Task description: Please restate each entry word for word and leave the pictures out.

Data to examine:
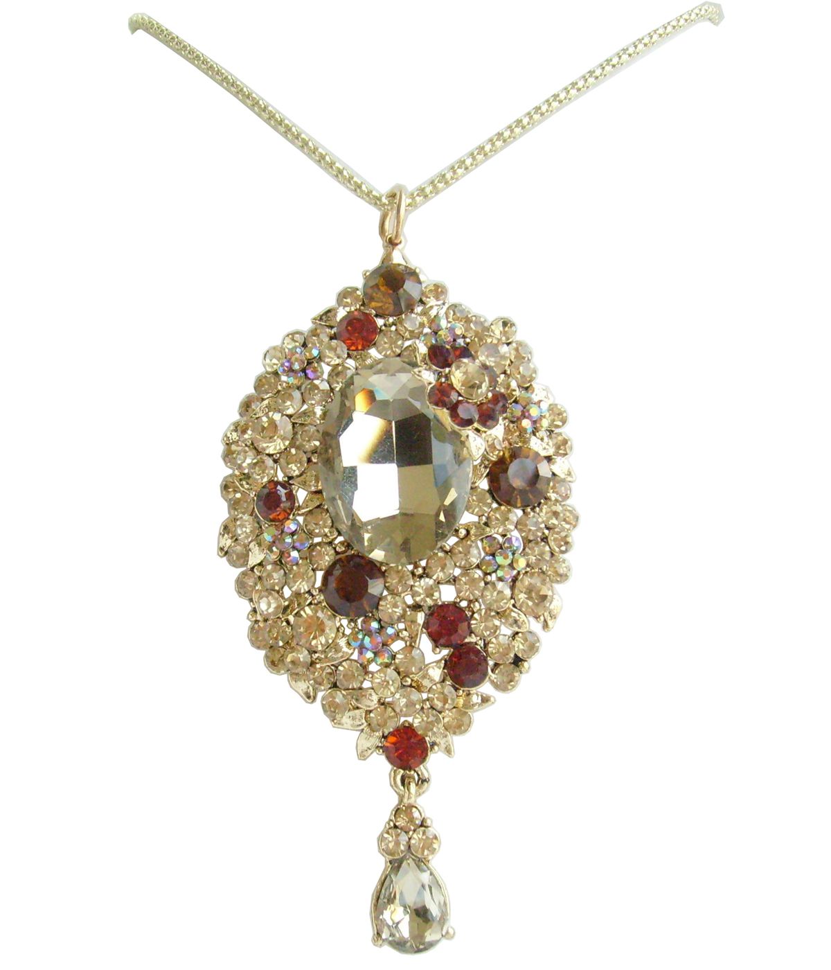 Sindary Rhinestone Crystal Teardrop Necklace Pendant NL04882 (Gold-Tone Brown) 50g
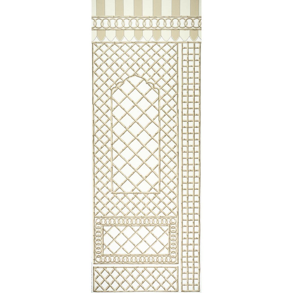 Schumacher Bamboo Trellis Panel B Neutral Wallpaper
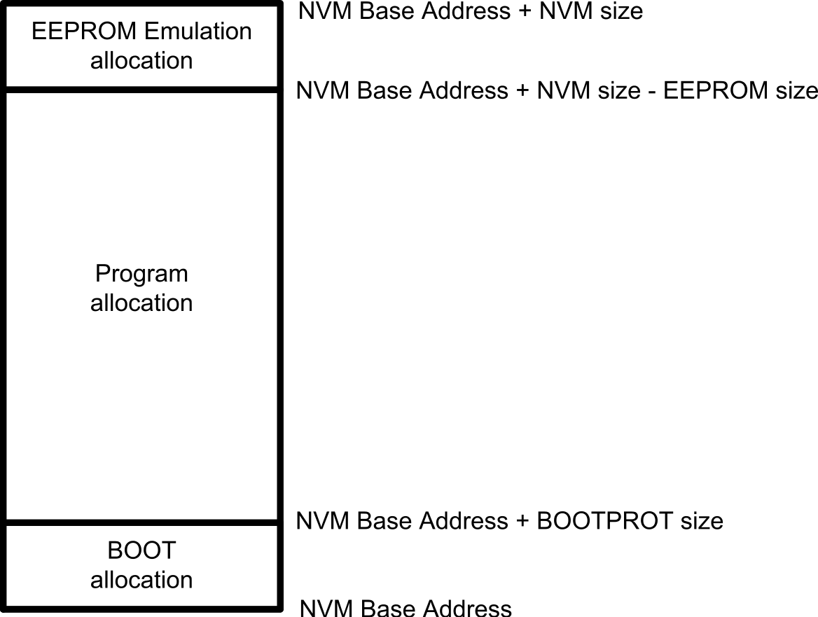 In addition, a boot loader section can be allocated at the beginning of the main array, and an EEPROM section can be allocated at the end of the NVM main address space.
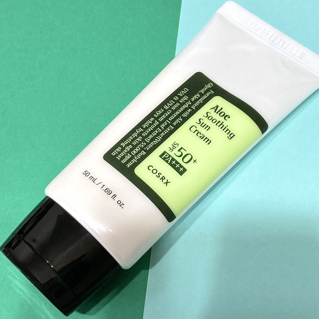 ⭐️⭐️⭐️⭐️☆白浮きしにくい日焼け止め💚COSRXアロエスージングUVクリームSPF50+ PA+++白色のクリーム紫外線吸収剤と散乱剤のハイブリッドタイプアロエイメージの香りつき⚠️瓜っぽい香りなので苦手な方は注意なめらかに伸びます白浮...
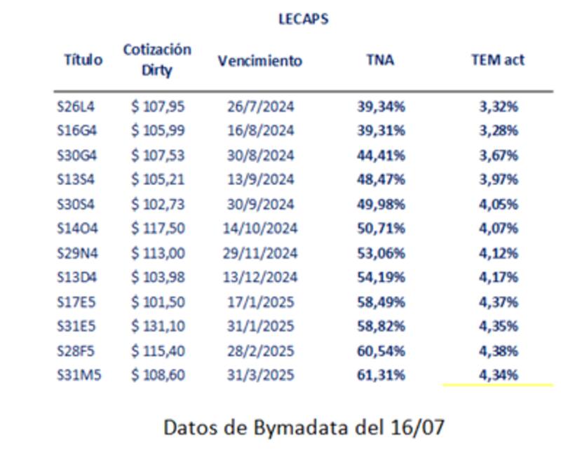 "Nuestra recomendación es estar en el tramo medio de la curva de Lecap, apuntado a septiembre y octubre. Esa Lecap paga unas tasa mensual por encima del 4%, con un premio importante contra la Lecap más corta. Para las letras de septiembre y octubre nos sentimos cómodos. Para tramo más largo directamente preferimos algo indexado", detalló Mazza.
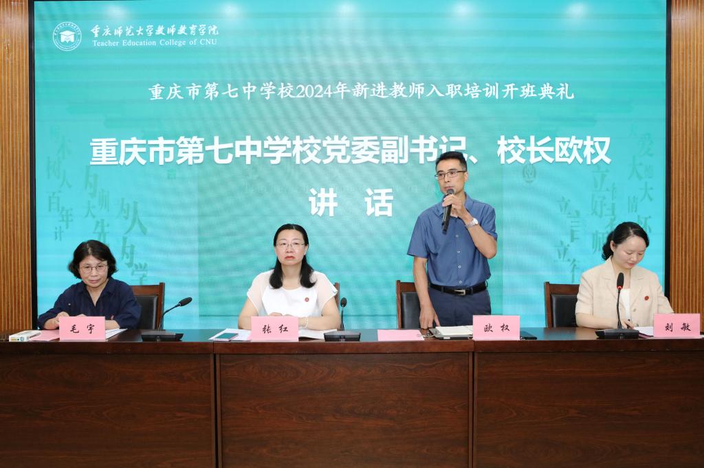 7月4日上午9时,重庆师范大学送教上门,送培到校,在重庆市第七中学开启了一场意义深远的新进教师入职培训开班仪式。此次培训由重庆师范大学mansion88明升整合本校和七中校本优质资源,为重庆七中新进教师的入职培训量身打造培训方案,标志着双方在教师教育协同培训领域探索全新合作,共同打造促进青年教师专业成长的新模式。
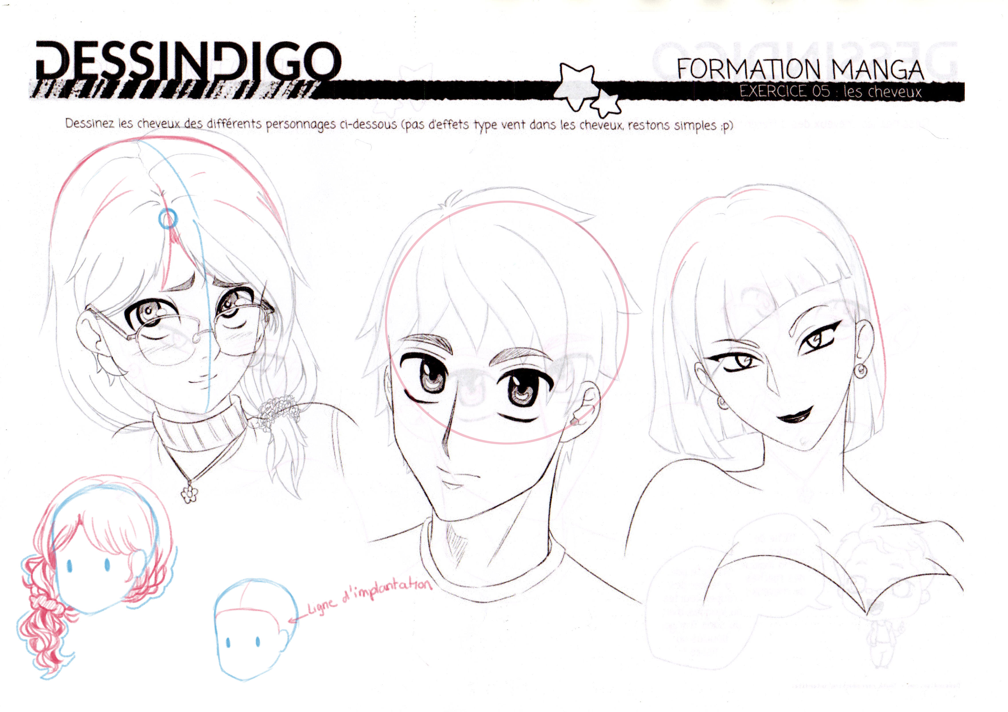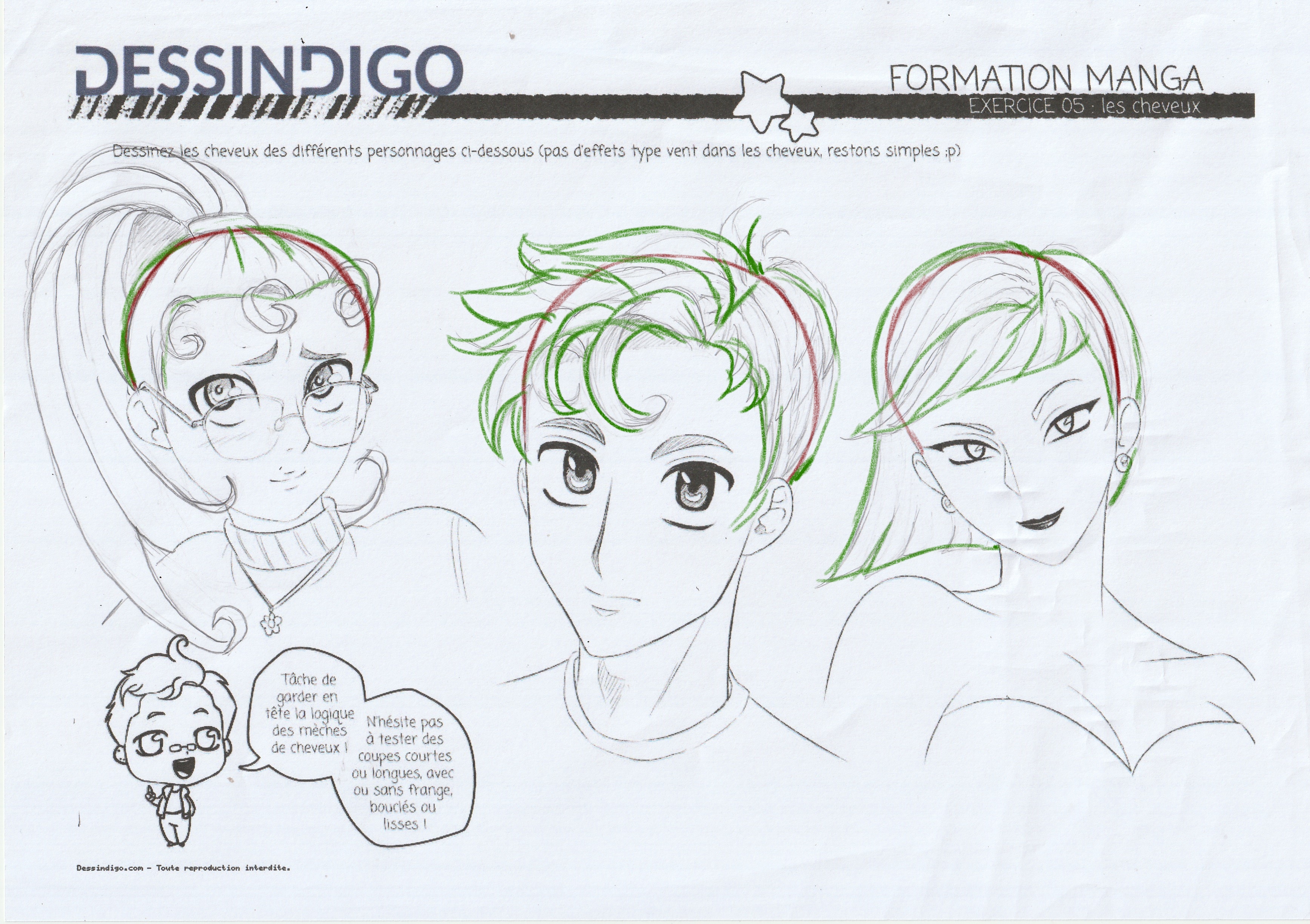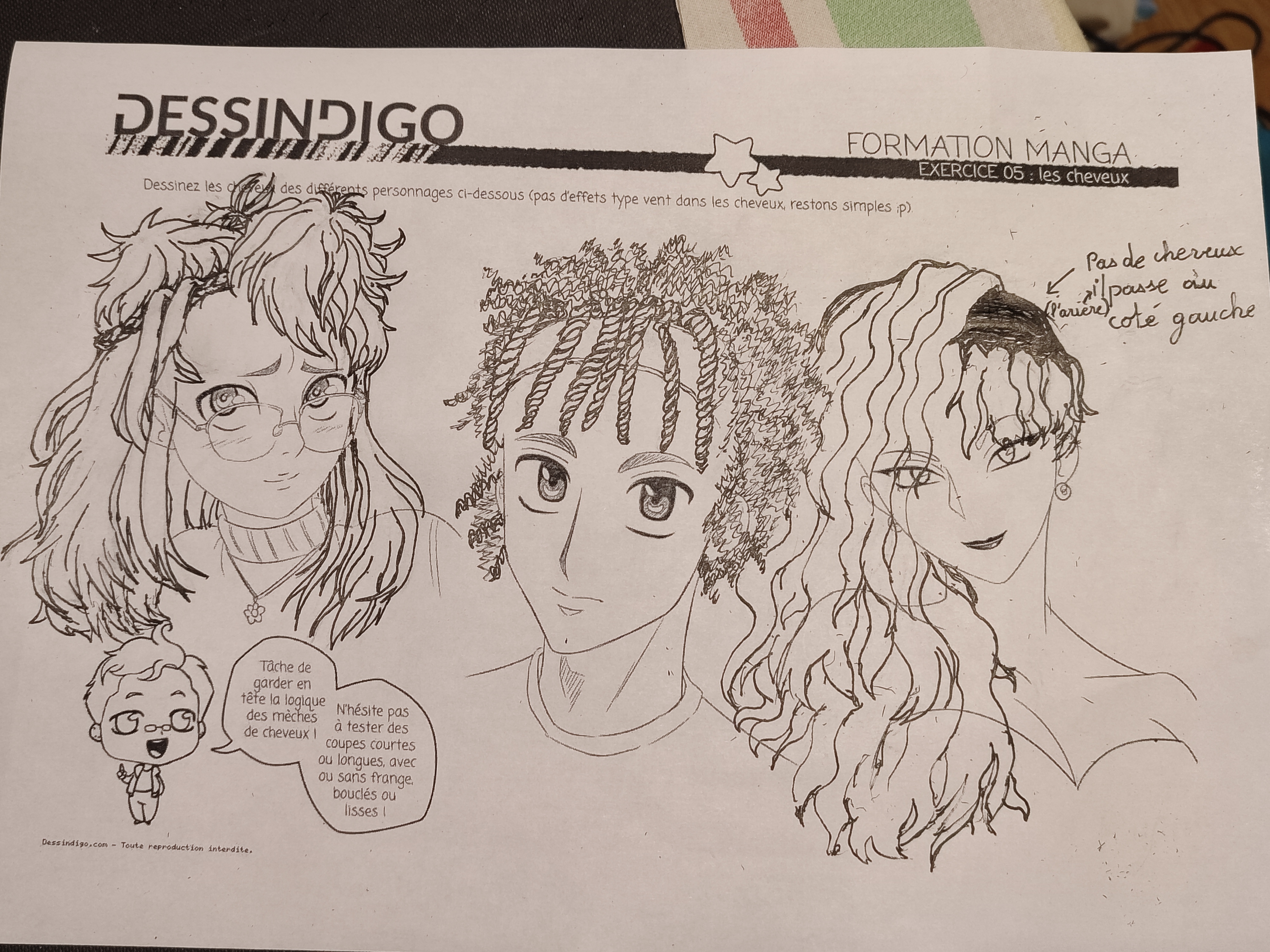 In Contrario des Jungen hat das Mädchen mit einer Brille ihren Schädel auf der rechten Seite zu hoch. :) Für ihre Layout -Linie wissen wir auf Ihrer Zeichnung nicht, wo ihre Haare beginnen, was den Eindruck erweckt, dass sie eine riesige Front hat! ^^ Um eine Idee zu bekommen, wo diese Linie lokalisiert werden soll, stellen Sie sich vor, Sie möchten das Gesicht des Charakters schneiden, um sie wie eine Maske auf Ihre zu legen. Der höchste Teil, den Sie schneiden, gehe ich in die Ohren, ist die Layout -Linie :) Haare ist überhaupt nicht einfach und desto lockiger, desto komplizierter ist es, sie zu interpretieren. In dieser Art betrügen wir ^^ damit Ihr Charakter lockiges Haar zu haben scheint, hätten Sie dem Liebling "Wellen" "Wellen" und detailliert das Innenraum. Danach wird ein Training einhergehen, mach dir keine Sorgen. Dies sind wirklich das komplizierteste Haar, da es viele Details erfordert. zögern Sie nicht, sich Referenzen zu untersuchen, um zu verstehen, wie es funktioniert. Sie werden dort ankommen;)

Output below:
 Sindary Rhinestone Crystal Teardrop Necklace Pendant NL04882 (Gold-Tone Brown) 50g
 Schumacher Bamboo Trellis Panel B Neutral Wallpaper
 In addition, a boot loader section can be allocated at the beginning of the main array, and an EEPROM section can be allocated at the end of the NVM main address space.
 ⭐️⭐️⭐️⭐️☆白浮きしにくい日焼け止め💚COSRXアロエスージングUVクリームSPF50+ PA+++白色のクリーム紫外線吸収剤と散乱剤のハイブリッドタイプアロエイメージの香りつき⚠️瓜っぽい香りなので苦手な方は注意なめらかに伸びます白浮...
 "Nuestra recomendación es estar en el tramo medio de la curva de Lecap, apuntado a septiembre y octubre. Esa Lecap paga unas tasa mensual por encima del 4%, con un premio importante contra la Lecap más corta. Para las letras de septiembre y octubre nos sentimos cómodos. Para tramo más largo directamente preferimos algo indexado", detalló Mazza.
 7月4日上午9时,重庆师范大学送教上门,送培到校,在重庆市第七中学开启了一场意义深远的新进教师入职培训开班仪式。此次培训由重庆师范大学mansion88明升整合本校和七中校本优质资源,为重庆七中新进教师的入职培训量身打造培训方案,标志着双方在教师教育协同培训领域探索全新合作,共同打造促进青年教师专业成长的新模式。
 In Contrario des Jungen hat das Mädchen mit einer Brille ihren Schädel auf der rechten Seite zu hoch. :) Für ihre Layout -Linie wissen wir auf Ihrer Zeichnung nicht, wo ihre Haare beginnen, was den Eindruck erweckt, dass sie eine riesige Front hat! ^^ Um eine Idee zu bekommen, wo diese Linie lokalisiert werden soll, stellen Sie sich vor, Sie möchten das Gesicht des Charakters schneiden, um sie wie eine Maske auf Ihre zu legen. Der höchste Teil, den Sie schneiden, gehe ich in die Ohren, ist die Layout -Linie :) Haare ist überhaupt nicht einfach und desto lockiger, desto komplizierter ist es, sie zu interpretieren. In dieser Art betrügen wir ^^ damit Ihr Charakter lockiges Haar zu haben scheint, hätten Sie dem Liebling "Wellen" "Wellen" und detailliert das Innenraum. Danach wird ein Training einhergehen, mach dir keine Sorgen. Dies sind wirklich das komplizierteste Haar, da es viele Details erfordert. zögern Sie nicht, sich Referenzen zu untersuchen, um zu verstehen, wie es funktioniert. Sie werden dort ankommen;)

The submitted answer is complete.